Look down the entries below and report how many lines hold the string "which"; write nothing else.

## Material for the task

.....

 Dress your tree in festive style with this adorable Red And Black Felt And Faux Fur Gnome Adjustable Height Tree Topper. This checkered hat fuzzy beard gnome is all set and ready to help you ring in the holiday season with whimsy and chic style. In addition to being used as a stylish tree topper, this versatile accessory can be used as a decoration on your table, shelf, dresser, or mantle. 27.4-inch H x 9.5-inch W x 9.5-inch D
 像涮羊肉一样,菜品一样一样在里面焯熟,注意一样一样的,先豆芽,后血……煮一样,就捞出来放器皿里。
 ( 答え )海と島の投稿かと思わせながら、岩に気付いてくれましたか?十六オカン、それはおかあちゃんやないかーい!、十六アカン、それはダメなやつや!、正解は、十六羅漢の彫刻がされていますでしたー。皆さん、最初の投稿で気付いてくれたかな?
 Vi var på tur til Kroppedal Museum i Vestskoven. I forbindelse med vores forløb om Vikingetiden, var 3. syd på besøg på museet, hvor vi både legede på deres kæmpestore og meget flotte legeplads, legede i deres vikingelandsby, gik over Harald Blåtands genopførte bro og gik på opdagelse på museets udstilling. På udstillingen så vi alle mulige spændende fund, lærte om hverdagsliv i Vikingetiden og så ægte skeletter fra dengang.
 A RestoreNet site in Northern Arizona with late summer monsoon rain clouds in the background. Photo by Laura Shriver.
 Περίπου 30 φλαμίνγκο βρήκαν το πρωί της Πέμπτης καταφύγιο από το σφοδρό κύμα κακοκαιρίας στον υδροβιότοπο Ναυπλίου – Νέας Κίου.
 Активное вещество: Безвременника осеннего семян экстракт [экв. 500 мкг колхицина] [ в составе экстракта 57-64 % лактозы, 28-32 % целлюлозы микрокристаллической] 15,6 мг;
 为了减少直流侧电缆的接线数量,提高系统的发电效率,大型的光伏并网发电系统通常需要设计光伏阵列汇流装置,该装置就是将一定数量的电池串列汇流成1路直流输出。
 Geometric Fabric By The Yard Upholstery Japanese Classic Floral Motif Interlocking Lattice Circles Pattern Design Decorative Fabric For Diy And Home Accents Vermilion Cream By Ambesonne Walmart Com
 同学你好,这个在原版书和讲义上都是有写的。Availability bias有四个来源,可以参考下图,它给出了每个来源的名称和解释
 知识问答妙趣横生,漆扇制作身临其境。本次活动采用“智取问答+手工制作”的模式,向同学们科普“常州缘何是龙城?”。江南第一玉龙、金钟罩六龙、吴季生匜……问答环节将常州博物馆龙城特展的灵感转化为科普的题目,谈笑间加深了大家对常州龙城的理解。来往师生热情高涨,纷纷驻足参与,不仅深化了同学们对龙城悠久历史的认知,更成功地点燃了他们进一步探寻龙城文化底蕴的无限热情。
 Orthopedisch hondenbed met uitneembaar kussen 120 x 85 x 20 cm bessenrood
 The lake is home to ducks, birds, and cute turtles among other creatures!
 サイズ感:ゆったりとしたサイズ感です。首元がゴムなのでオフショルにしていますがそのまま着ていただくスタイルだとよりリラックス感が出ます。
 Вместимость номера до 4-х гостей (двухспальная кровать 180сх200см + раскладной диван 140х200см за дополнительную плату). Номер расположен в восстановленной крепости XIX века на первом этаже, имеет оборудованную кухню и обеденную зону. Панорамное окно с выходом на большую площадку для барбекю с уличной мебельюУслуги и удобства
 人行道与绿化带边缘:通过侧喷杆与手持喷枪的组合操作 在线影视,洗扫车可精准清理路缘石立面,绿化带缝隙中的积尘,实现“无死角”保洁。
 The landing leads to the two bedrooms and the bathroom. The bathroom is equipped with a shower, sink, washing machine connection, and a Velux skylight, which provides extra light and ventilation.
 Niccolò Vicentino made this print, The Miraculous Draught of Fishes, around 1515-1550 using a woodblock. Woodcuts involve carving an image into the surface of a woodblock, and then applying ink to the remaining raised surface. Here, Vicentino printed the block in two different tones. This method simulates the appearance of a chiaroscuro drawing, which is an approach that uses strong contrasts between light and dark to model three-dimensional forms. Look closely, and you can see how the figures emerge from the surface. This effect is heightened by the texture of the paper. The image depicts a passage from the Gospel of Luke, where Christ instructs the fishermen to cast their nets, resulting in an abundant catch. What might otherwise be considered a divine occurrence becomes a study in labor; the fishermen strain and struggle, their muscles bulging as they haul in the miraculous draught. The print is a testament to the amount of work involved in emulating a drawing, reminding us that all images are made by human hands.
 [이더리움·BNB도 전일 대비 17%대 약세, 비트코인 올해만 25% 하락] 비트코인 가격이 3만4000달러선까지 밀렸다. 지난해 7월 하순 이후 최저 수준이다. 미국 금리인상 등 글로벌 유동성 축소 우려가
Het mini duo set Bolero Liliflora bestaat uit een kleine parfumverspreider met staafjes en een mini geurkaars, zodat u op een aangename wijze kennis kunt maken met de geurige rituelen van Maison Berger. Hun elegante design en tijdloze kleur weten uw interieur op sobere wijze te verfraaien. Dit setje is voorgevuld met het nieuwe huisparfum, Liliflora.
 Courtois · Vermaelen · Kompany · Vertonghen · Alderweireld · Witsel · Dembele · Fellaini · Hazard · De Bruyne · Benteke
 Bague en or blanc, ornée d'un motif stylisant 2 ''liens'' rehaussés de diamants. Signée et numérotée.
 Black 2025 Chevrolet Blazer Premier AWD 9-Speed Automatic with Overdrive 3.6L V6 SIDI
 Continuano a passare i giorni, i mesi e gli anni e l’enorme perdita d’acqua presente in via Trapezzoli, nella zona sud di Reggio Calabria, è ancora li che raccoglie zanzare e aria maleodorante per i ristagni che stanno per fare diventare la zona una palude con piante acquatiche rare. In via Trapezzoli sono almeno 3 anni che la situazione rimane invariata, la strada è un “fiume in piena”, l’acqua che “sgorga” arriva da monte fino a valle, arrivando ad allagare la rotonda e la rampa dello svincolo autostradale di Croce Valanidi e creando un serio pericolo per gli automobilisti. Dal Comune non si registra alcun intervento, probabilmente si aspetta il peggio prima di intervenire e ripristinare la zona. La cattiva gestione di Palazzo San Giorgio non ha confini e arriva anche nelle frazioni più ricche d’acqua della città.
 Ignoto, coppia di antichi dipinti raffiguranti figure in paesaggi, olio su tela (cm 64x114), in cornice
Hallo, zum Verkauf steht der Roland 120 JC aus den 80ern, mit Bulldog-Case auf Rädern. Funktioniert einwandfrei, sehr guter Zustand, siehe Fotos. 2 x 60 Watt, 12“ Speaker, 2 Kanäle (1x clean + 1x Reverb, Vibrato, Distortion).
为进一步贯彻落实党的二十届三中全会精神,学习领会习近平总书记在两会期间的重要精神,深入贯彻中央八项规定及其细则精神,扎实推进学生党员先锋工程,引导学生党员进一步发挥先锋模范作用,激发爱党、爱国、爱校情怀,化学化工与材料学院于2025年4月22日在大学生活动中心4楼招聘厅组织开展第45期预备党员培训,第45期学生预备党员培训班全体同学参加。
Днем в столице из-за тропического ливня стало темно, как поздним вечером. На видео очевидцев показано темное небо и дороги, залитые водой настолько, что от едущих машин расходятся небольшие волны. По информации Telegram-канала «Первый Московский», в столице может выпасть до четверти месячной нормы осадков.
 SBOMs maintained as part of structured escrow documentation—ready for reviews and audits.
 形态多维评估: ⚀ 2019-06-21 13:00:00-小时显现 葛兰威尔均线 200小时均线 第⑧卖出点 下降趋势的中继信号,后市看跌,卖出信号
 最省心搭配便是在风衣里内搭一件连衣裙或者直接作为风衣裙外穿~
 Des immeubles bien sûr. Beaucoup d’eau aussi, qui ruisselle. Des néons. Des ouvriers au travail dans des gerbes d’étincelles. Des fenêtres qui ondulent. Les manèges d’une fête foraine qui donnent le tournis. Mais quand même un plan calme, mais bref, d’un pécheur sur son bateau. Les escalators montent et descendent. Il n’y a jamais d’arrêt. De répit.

.....

## Reply
2